Dataset excerpts:
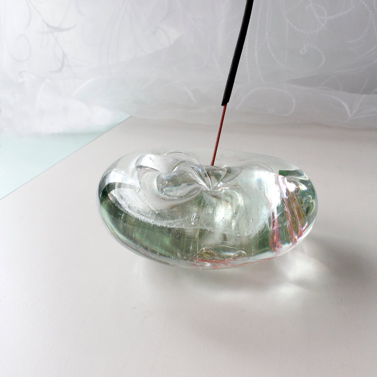 お香の香りを楽しみながら、揺らぐ煙とともにガラスを透過する光をゆったりと眺めていたくなる-----
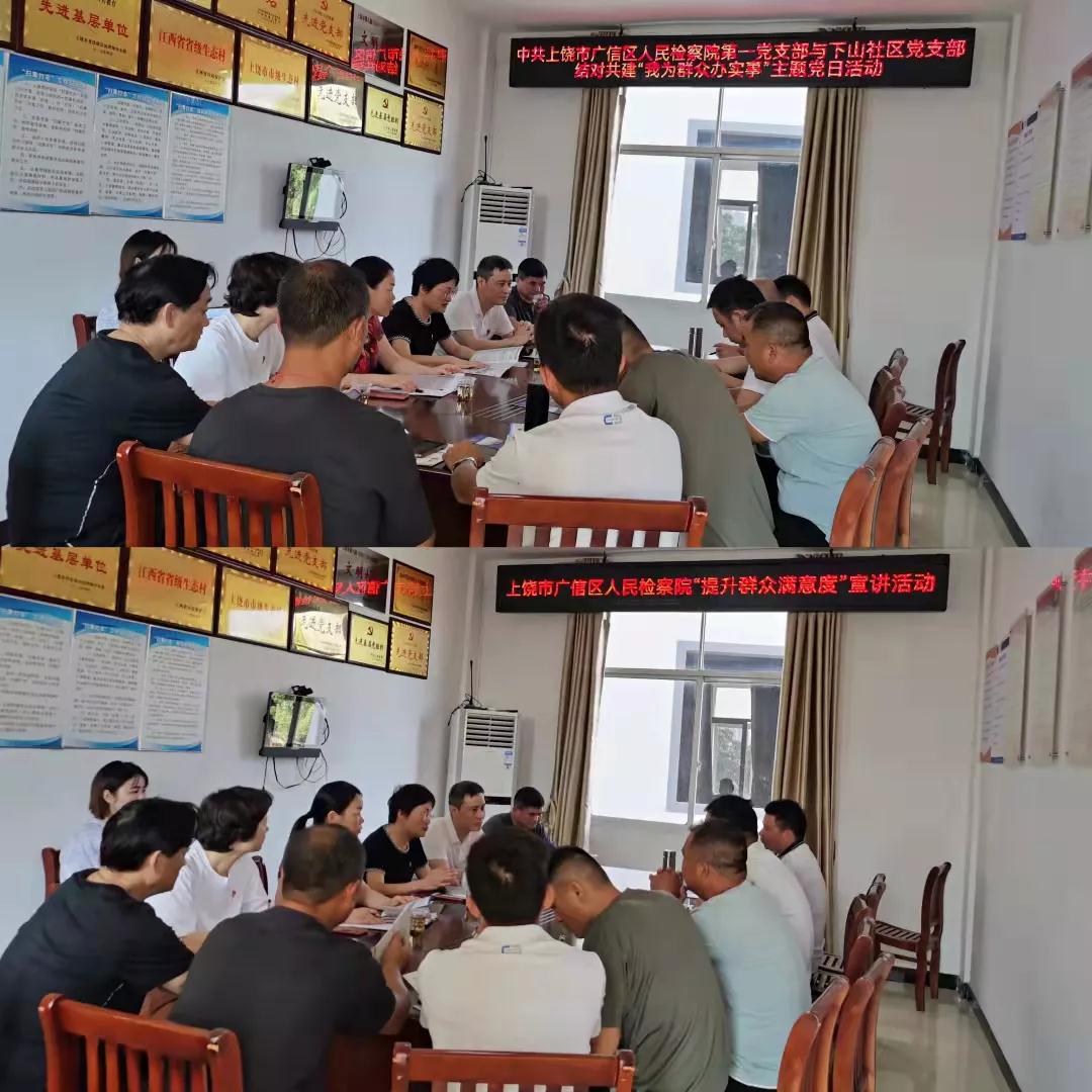 乐小敏同志对检察机关“四大检察”“十大业务”进行了介绍,对下山村的党建工作及创文工作予以了肯定,她要求双方党支部通过结对帮扶共建活动,进一步加深了解,密切关系,从而带动双方的各项工作,促进“以党建带业务、以业务促党建”取得新突破。姚智勇同志对广信区人民检察院提升群众满意度工作进行了宣讲。双方支部还就支部人员、党建工作、创文工作开展情况等进行了交流。
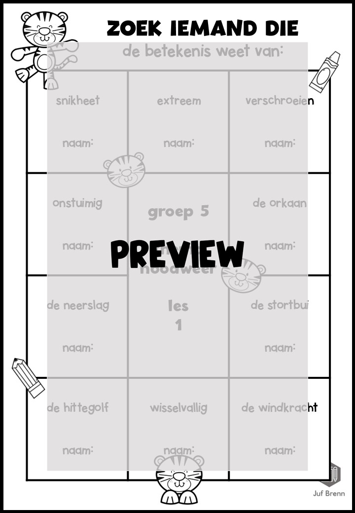 Deze download bevat Zoek iemand die. Het sluit aan bij Staal 1. Deze versie van Zoek iemand die kan ingezet worden voor het consolideren van de themawoorden. Het zijn 4 werkbladen: 1 voor elke les en 2 mix. Het is geschikt voor groep 5.
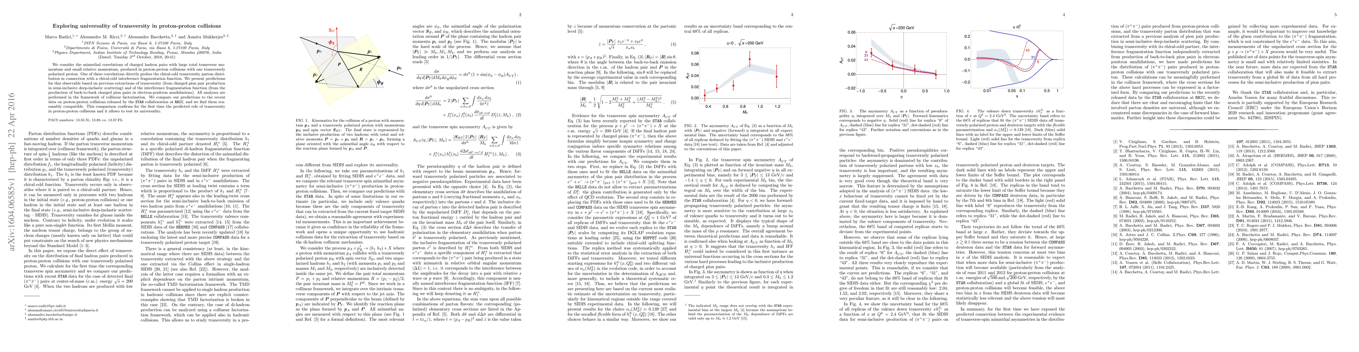 This paper explores the universality of the transversity parton distribution in proton-proton collisions by analyzing azimuthal correlations of charged hadron pairs. It finds compatibility between theoretical predictions based on previous extractions of transversity and recent STAR collaboration data, confirming the predicted role of transversity and its universality.
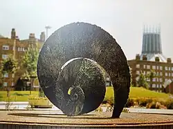 Mayer’s interest in spiral forms permeates her work. In 1984, three years after the Toxteth riots, Sea Circle was installed in central Liverpool. The 240cm high ammonite-inspired bronze sculpture followed smaller whorled table and wall pieces, Voyager (1994), and Journey, now situated on the University of Northampton’s campus.[12]
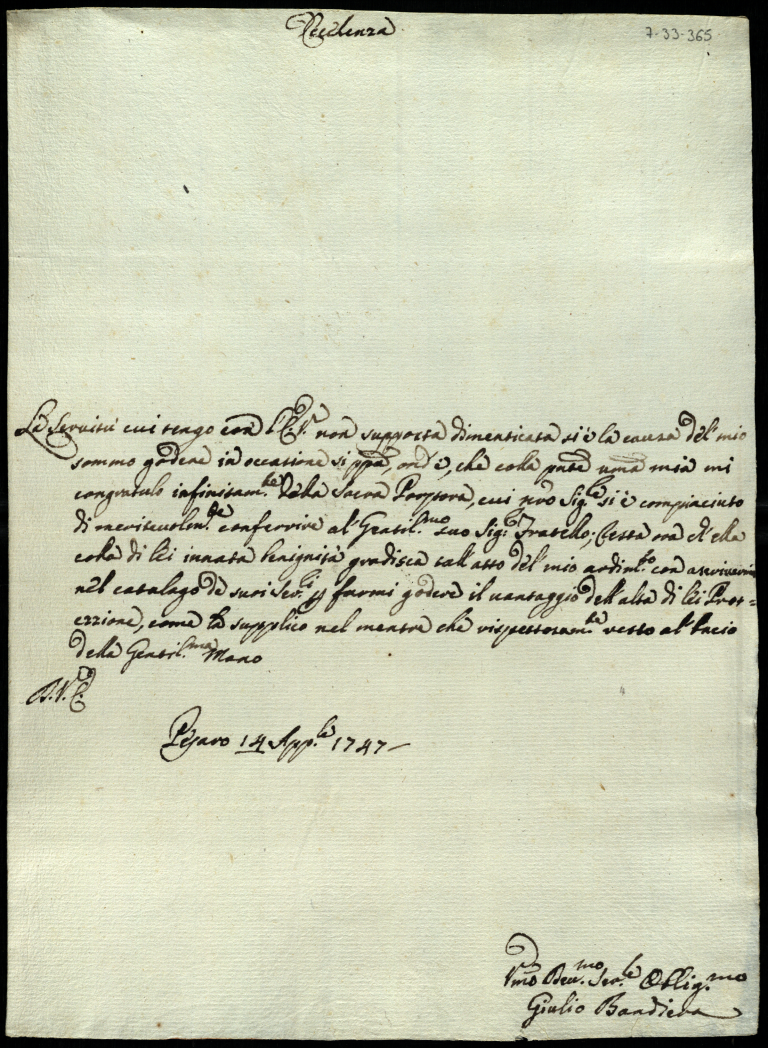 Lettere ricevute in Urbino dal Signor Principe Orazio Albani ultimo di questo nome nell'anno 1747
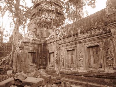 Мы аккурат к рассвету рванули в Та Пром. там не было ни единого человека(видимо, все встречали рассвет в Ангкоре), и место меня просто унесло - никогда такого не видела, тишина. пустота. храмы в развалинах и гигантские деревья!
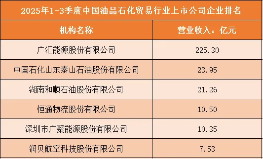 根据申万行业分类,2025年1-3季度中国油品石化贸易行业上市公司按营业收入排名如下:(A股上市公司)

What you have to do:
Please transcribe, with no additions, the lines starting at the one that contains "Lettere ricevute in" and running through the last line of the entries, inclusive. Leave the pictures out.

The answer:
 Lettere ricevute in Urbino dal Signor Principe Orazio Albani ultimo di questo nome nell'anno 1747
 Мы аккурат к рассвету рванули в Та Пром. там не было ни единого человека(видимо, все встречали рассвет в Ангкоре), и место меня просто унесло - никогда такого не видела, тишина. пустота. храмы в развалинах и гигантские деревья!
 根据申万行业分类,2025年1-3季度中国油品石化贸易行业上市公司按营业收入排名如下:(A股上市公司)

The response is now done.